→ **Task to complete**
The expected result is a verbatim repetition of the lines from the start of the entries through the line containing "Каждый из трех", with the pictures removed.

Segment Open

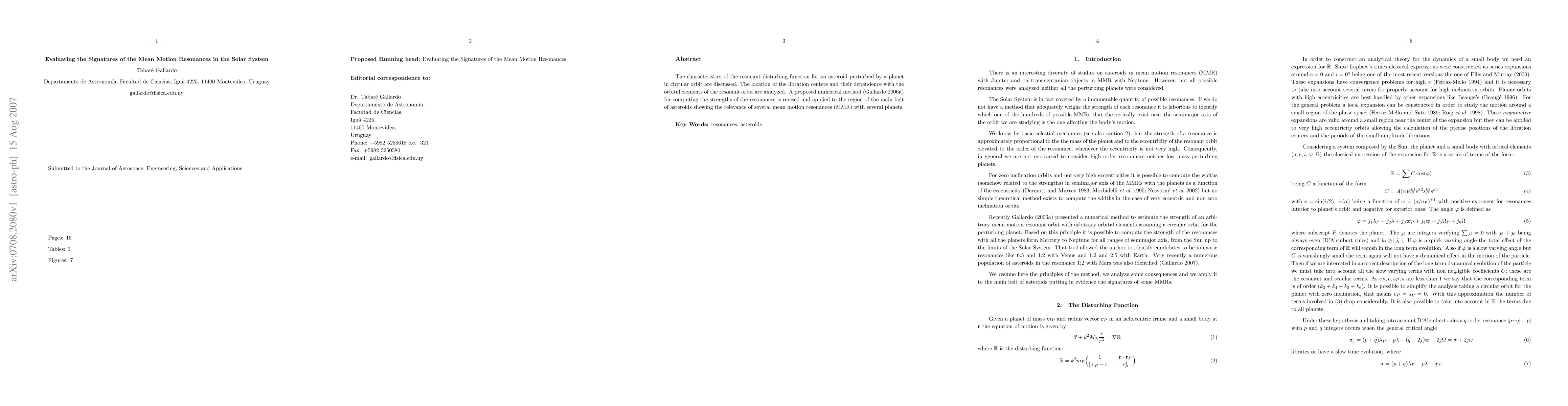 The characteristics of the resonant disturbing function for an asteroid perturbed by a planet in circular orbit are discussed. The location of the libration centers and their dependence with the orbital elements of the resonant orbit are analyzed. A proposed numerical method (Gallardo 2006a) for computing the strengths of the resonances is revised and applied to the region of the main belt of asteroids showing the relevance of several mean motion resonances (MMR) with several planets.
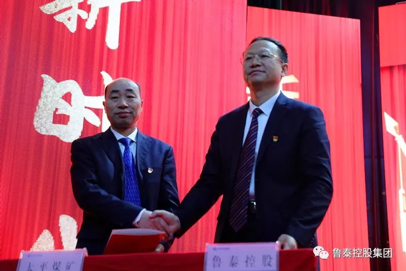 李合军代表集团公司分别与太平煤矿矿长邵国华、鹿洼煤矿矿长贾广海、鲁泰化学党委书记董事长张玉标、金威热电总经理王允来、金威水泥总经理张文学、陕西鲁泰总经理楚旭峰、鲁泰物流执行董事副总经理张国森、宁夏鲁泰总经理刘炳法签订2018年度目标管理责任书。
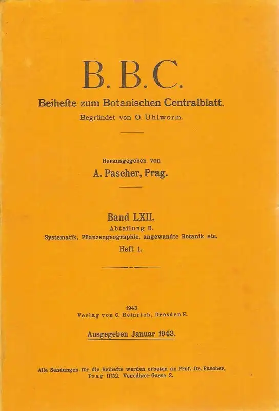 Pascher, A. (Hrsg.): B. B. C. Beihefte zum Botanischen Centralblatt. Band LXII. Abteilung B: Systematik, Pflanzengeographie, angewandte Botanik etc. Heft 1.
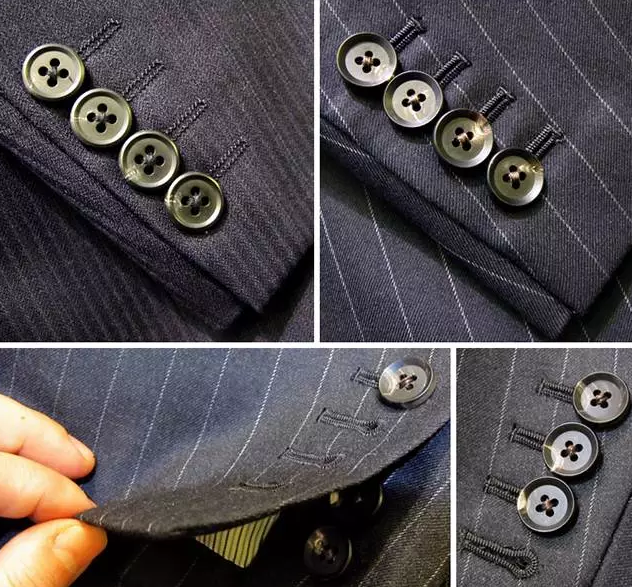 后来,一个军官从这件事受到启发,认为把纽扣钉到袖口向下的一面,可以减轻桌面袖子的磨损。于是,他向拿破仑建议,将衣袖上的三颗纽扣从衣袖的上侧移至下侧。此后的法国服装设计师们又将这三颗纽扣移至西服的袖口上,这样还可以增加西服的美感。此后相沿成习,流传至今。
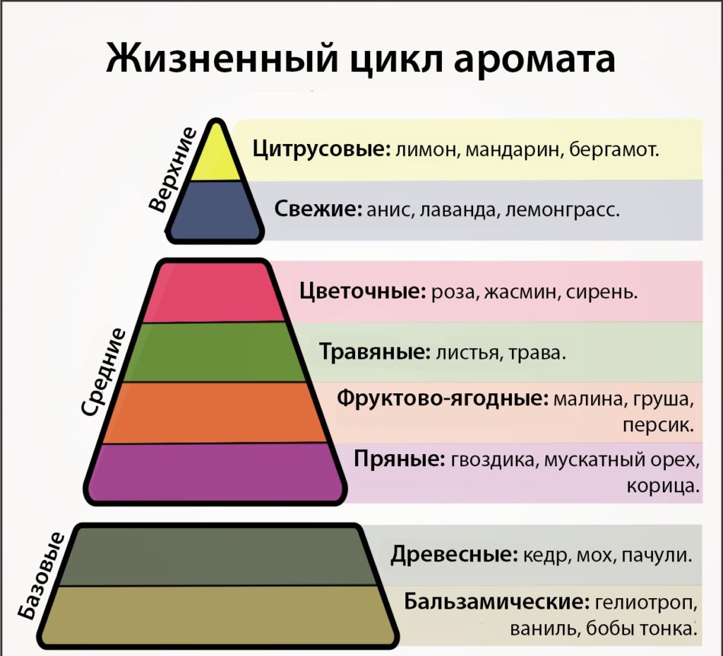 Каждый из трех этапов жизненного цикла аромата содержит отдельные запахи или “ноты”, которые объединяются в то, что вы в итоге чувствуете.
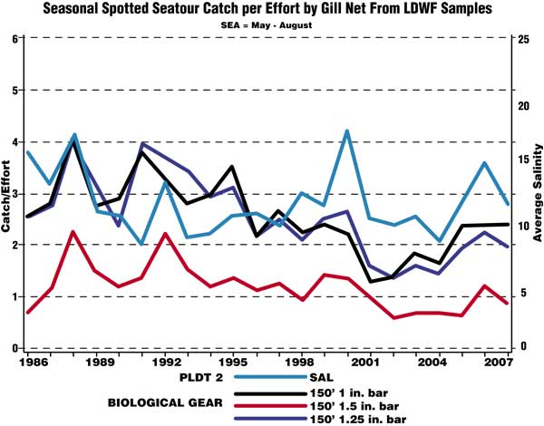 “The trout that recreational anglers harvest in Louisiana are spawning fish,” said LDWF Coastal Finfish Manager Harry Blanchet, “especially during the summer when the bulk of the fishing occurs, and, as such, they are going to be limited to areas that have conditions conducive to spawning — relatively high salinities approaching 20 parts per thousand.”
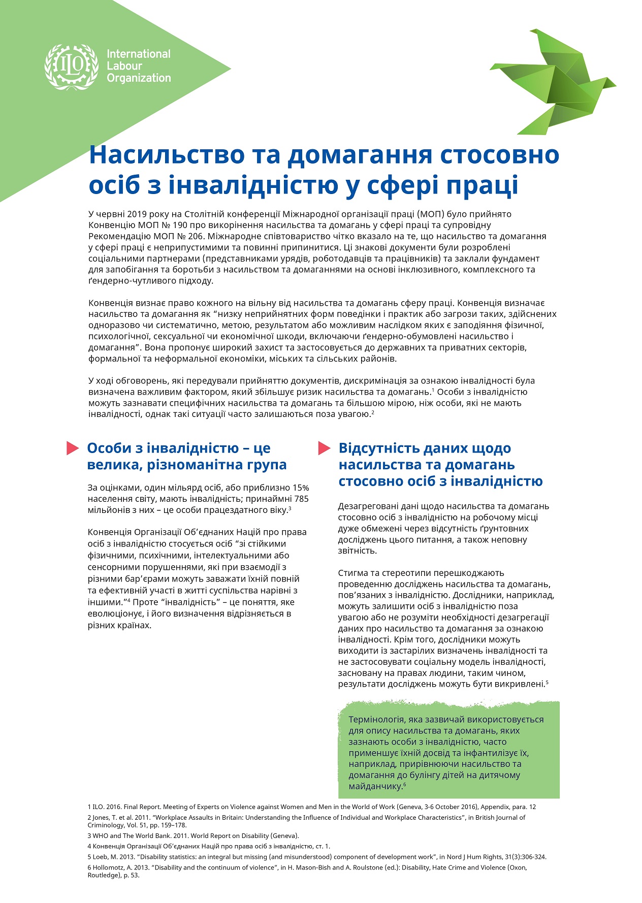 Насильство та домагання стосовно осіб з інвалідністю у сфері праці |
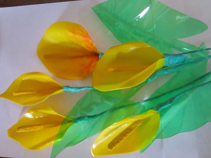 Окрашенную ёмкость разрезают на две части и обрезают их края в виде острых или закруглённых лепестков. В центре бутонов проделывают отверстие и вставляют в него подготовленный стебель с жёлтой сердцевиной. Чтобы надёжно зафиксировать стебелёк, края отверстия покрывают клеем.
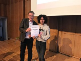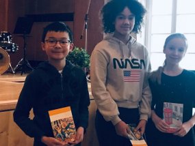 Die Leistungen der Finalisten waren sehr ordentlich und unsere Jury benötigte etwas Zeit, um eine finale Entscheidung zu treffen. Letztlich belegte Mia Wegele den dritten Platz, Amalia Schippmann durfte sich über den zweiten Platz freuen. Matthias Trinh ging als Sieger unserer ersten Reading Challenge hervor. Alle drei erhielten für ihre tollen Leistungen Buchgutscheine.

Segment Closed

→ **Final answer**
 The characteristics of the resonant disturbing function for an asteroid perturbed by a planet in circular orbit are discussed. The location of the libration centers and their dependence with the orbital elements of the resonant orbit are analyzed. A proposed numerical method (Gallardo 2006a) for computing the strengths of the resonances is revised and applied to the region of the main belt of asteroids showing the relevance of several mean motion resonances (MMR) with several planets.
 李合军代表集团公司分别与太平煤矿矿长邵国华、鹿洼煤矿矿长贾广海、鲁泰化学党委书记董事长张玉标、金威热电总经理王允来、金威水泥总经理张文学、陕西鲁泰总经理楚旭峰、鲁泰物流执行董事副总经理张国森、宁夏鲁泰总经理刘炳法签订2018年度目标管理责任书。
 Pascher, A. (Hrsg.): B. B. C. Beihefte zum Botanischen Centralblatt. Band LXII. Abteilung B: Systematik, Pflanzengeographie, angewandte Botanik etc. Heft 1.
 后来,一个军官从这件事受到启发,认为把纽扣钉到袖口向下的一面,可以减轻桌面袖子的磨损。于是,他向拿破仑建议,将衣袖上的三颗纽扣从衣袖的上侧移至下侧。此后的法国服装设计师们又将这三颗纽扣移至西服的袖口上,这样还可以增加西服的美感。此后相沿成习,流传至今。
 Каждый из трех этапов жизненного цикла аромата содержит отдельные запахи или “ноты”, которые объединяются в то, что вы в итоге чувствуете.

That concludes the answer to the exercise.